Background and objective: Some children with severe cystic fibrosis (CF) lung disease develop chest tightness, recurrent dry cough, and intractable wheeze, often accompanied by deteriorating lung function and failure to expectorate sputum. In an attempt to reduce the use of regular oral corticosteroids, we treated a group of such children with monthly courses of intravenous immunoglobulin (IVIG).

Methods: This is a retrospective case note review of 16 children, aged 3–16 years (median 13.0 years) who received 1–66 (median 7.5) courses of monthly IVIG, at a dose of 1 g/kg on two successive days for the first dose, followed by 1 g/kg monthly as a 12 hour infusion, with corticosteroid and antihistamine cover.

Results: FEV1 improved from a median (95% confidence interval (CI)) of 50% (39 to 61%) to 54% (48 to 66%), with a median (95% CI) difference of +7.5% (−1.5 to 14.5%; NS). FVC improved from 65% (60 to 77%) to 83% (70 to 89%), with a difference of +13% (4 to 22%, p = 0.01). The total daily dose/kg body weight of oral prednisolone was reduced from 0.6 (0.3 to 1.0) to 0 (0 to 0.1) mg/kg/day, with a reduction of −0.6 (−1.0 to −0.1, p = 0.006) mg/kg/day. The total daily dose of inhaled corticosteroid (budesonide equivalent) was a median (range) of 2000 μg (800–6000 μg), which was reduced to 1500 μg (0–3200 μg). The median (95% CI) difference was −400 μg (−1600 to 0 μg), p<0.05. IVIG was well tolerated and the regimen acceptable to all but one of the children. The following transient adverse reactions were seen in only one patient each: headache, fever, hypotension, aseptic meningitis, and chest tightness.

Conclusion: We suggest that an n = 1 trial of IVIG in carefully selected patients with severe obstructive CF lung disease is worth considering, as for some it may lead to significant benefit.

  • cystic fibrosis
  • intravenous immunoglobulin
  • children
  • ABPA, allergic bronchopulmonary aspergillosis
  • CF, cystic fibrosis
  • FEV1, forced expiratory volume in 1 second
  • FVC, forced vital capacity
  • ICS, inhaled corticosteroids
  • IVIG, intravenous immunoglobulin

Statistics from

A small number of children with CF presents a particularly difficult challenge. Their clinical picture is characterised by chest tightness, recurrent dry cough, and intractable wheeze. They rarely produce sputum even though it is clearly trapped within their obstructed airways. Their lung function continues to deteriorate despite maximal therapy, which will usually have included dornase alfa, high dose inhaled corticosteroids (ICS) and long acting β2 agonists. Oral corticosteroids are sometimes of benefit but chronic use leads to unacceptable side effects.

It is assumed that these children have severe small airways disease with distal air trapping, and bronchiectasis is not usually the predominant feature on their CT scan (fig 1). Whether they have co-existing asthma is debatable, but they are not necessarily atopic, and defining whether true asthma is also present in a child with CF is notoriously difficult.1 Some, but not all, of these children have allergic bronchopulmonary aspergillosis (ABPA) that tends to recur as soon as their oral corticosteroid dose is reduced.

Figure 1

CT scan of patient 13 showing mucus plugging and air trapping but no frank bronchiectasis.

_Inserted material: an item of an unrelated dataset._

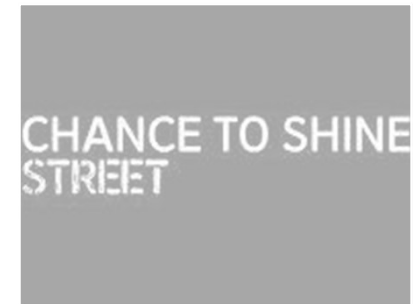
Chance to Shine Street

We have previously reported a 12 year old boy who developed severe small airways obstruction that became resistant to medical treatment (which had included oral corticosteroids, methotrexate, and cyclosporin).2 He then developed ABPA and became steroid dependent. On the basis of the initial encouraging report of the use of IVIG in severe asthma,3 he was started on monthly IVIG infusions. After 6 months, he was successfully weaned off oral steroids while maintaining his lung function. After this initial dramatic success, IVIG has been given to other children in a similar situation, as a steroid sparing agent, owing to concerns over the adverse effects associated with long term systemic corticosteroids. Sometimes it was given as an attempt to treat intractable symptoms that had not responded to oral steroids. We have reviewed our use of IVIG and present this case series in order to inform other CF centres of this therapeutic option.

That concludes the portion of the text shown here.